Nosso atávico mal estar existencial aliado à nossa eterna insatisfação, como seres “desejantes” que somos, torna-nos inquietos e fadados à incompletude. Tendemos a transferir para o parceiro a responsabilidade de preencher este vazio. Vamos continuar decepcionando-nos e frustrando-nos. Cada ser humano é único e inexato, modifica-se com o tempo, age e reage de forma diferenciada.

Estas constatações “quase” que inviabilizam o tão sonhado “e foram felizes para sempre”

A questão que a mensagem suscitou em mim, percebo-a como um enigma que jamais será decifrado.
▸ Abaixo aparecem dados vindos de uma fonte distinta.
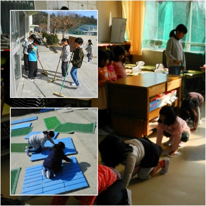給食後の清掃時間の様子です。 掃き掃除,雑巾がけ,分担された仕事にしっかりと取り組んでいます。
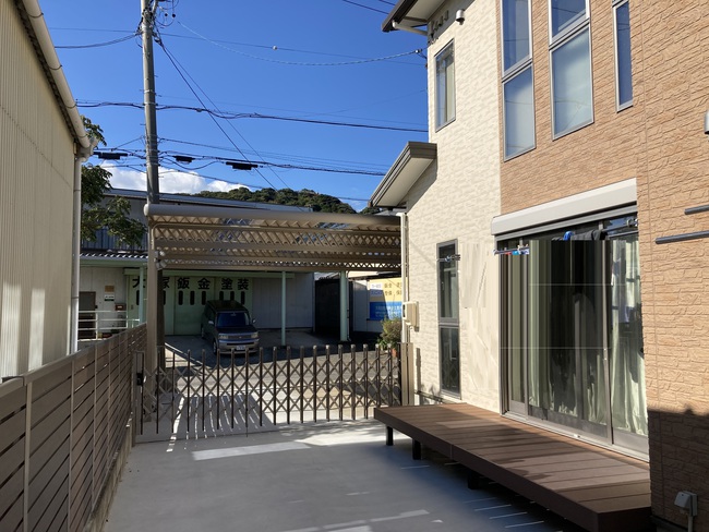 敷地内にある電柱を避ける形で切欠き加工を施した間口11mの

O homem deveria deixar de tentar buscar a tal “felicidade” no outro e para o outro antes de buscar ser, minimamente, satisfeito e resolvido consigo mesmo. Assim como temos, muitas vezes, dificuldades em reconhecer e administrar a origem das nossas angústias, conviver com o outro com seus “mundos” a todos os momentos desvendados, é um desafio que poucos conseguem encarar com serenidade. Há que se possuir muita paciência e vontade política de “estar com” sem abdicar da possibilidade de “estar sem”.

Minha questão e minha opinião são tão individuais, quanto singulares são os modelos de cada relação. Portanto, cada qual que exerça a liberdade de escolher a vida que quer para si. Desde desistir e conviver com a solidão, a viver junto e infeliz até ser realista e tomar consciência que uma relação é um projeto sem cronograma fixo e cada etapa deve, cotidianamente, ser repactuada com o parceiro. Dá trabalho, mas, vale a pena quando o amor e a amizade justificam o empenho.

Há também, o que duvido um pouco, quem conviva com essas questões e consiga transpor suas dificuldades sem maiores traumas. Afinal, cada um tem o direito de viver no nível de profundidade que suportar.


ALICE ROSSINI

4 comentários:

Anônimo disse...

Coisa mais dificil é manter um amor,ne? Voce tem razão, é um enigma que ningueum vai,nem deve decifrar, senão fica sem graça...
Acho que a gente gosta mesmo é de sofrer...rsrs

Anônimo disse...

NOSSA! QUE TEXTO! SABIA QUE VOCE, ALÉM DE BONITA E SIMPATICA É INTELIGENTE!

Unknown disse...

Voce foi profunda, Alice! Muito razoavel essa analise. Alias, quero aproveitar para lhe parabenizar pela maravilhosa forma de escrever - vc brinca com as palavras. Obrigada por dividir conosco suas ideias. bjs

Anônimo disse...

Ninguem mais colocaria o enigma de amar e ser amado com essa "simplicidade complicada", dicotomia típica do universo feminino. Quando utiliza nossa carga cultural como âncora para um padrão de amor pautado no sofrimento, quando enfatiza nosso eterno desejar - como seres insatisfeitos que somos - e seu reflexo em nossas vidas, você lança um desafio sobre os padrões que estabelecemos para nossos relacionamentos e nos instiga a questionar aquilo que vivemos. Não é à toa que nós, mulheres, nos identificamos tanto com a sua fala! Parabens pelo delicioso texto, pelo ponto de vista racional - sem deixar de ser feminino, quando a maioria estaria "jogando pedras" no príncipe que preferiu "a sapa" à belíssima princesa, contrariando todos os contos de fadas.